Exercise aim — Word for word, set down the lines from the one that holds "Bedroom 1 : The" through the final line of the listing below, and exclude every picture.

Input data —

· · ·

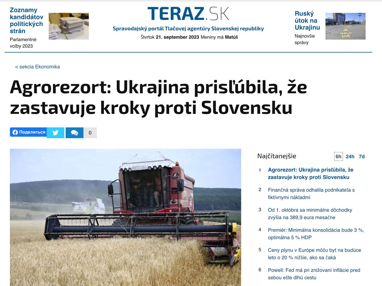 "Украинский министр сельского хозяйства пообещал, что прекратит действия против Словакии, а именно как жалобу в ВТО, так и запрет на ввоз словацкой агропродукции в Украину", - сказала Юричкова.
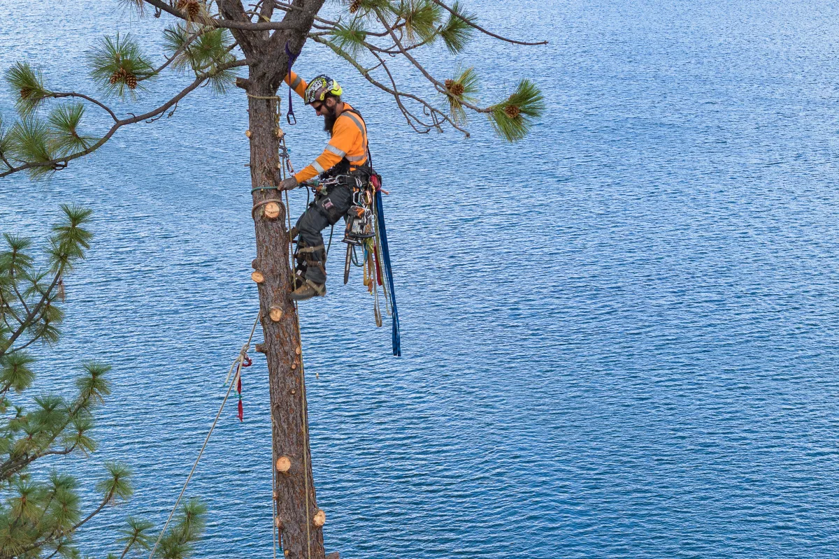 Spurless climbing refers to a method of ascending without the use of metal spikes or spurs that can damage the tree’s bark and cambium layer and can transmit disease. Our climbers use ropes, friction hitches, cams, mechanical devices and other gear to ascend safely and efficiently while minimizing harm to the tree. This approach is often favored in arboriculture for tree maintenance and care, as it maintains the health and longevity of the tree. Tree spikes should only be used for tree removal.
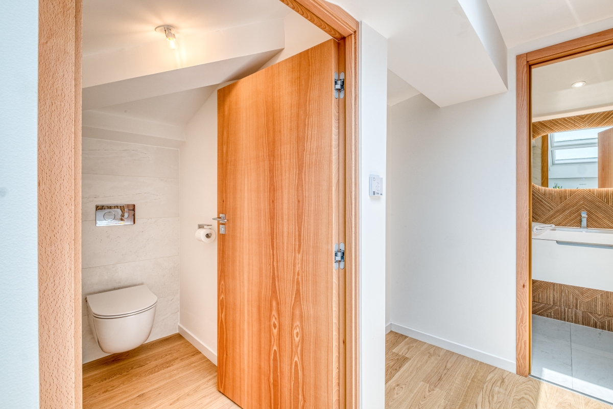 Bedroom 1 : The master bedroom is upstairs, designed as an open duplex without a door, tucked under the eaves with a large skylight. It features a double bed, a wardrobe, and an en suite bathroom, creating a bright and airy atmosphere
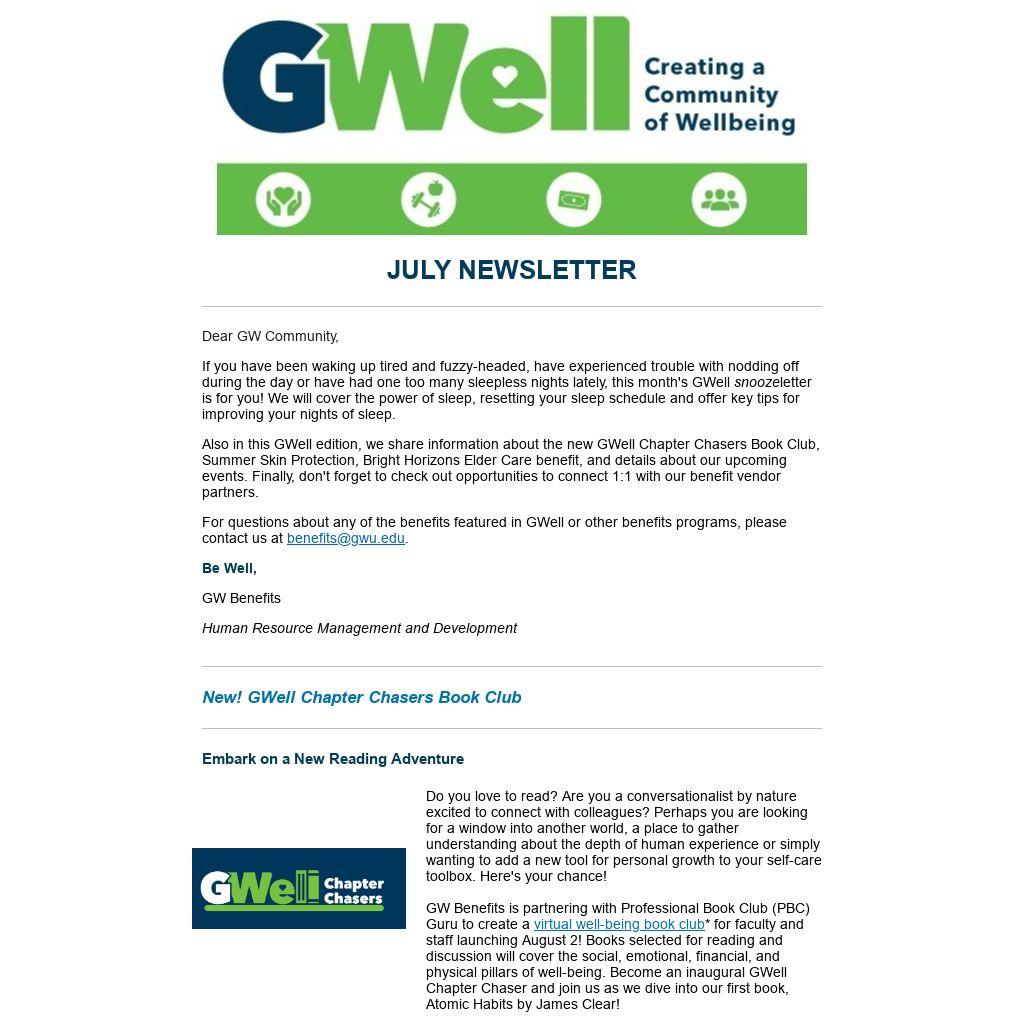 Also in this GWell edition, we share information about the new GWell Chapter Chasers Book Club, Summer Skin Protection, Bright Horizons Elder Care benefit, and details about our upcoming events. Finally, don't forget to check out opportunities to connect 1:1 with our benefit vendor partners.

· · ·

Solution to this problem —
 Bedroom 1 : The master bedroom is upstairs, designed as an open duplex without a door, tucked under the eaves with a large skylight. It features a double bed, a wardrobe, and an en suite bathroom, creating a bright and airy atmosphere
 Also in this GWell edition, we share information about the new GWell Chapter Chasers Book Club, Summer Skin Protection, Bright Horizons Elder Care benefit, and details about our upcoming events. Finally, don't forget to check out opportunities to connect 1:1 with our benefit vendor partners.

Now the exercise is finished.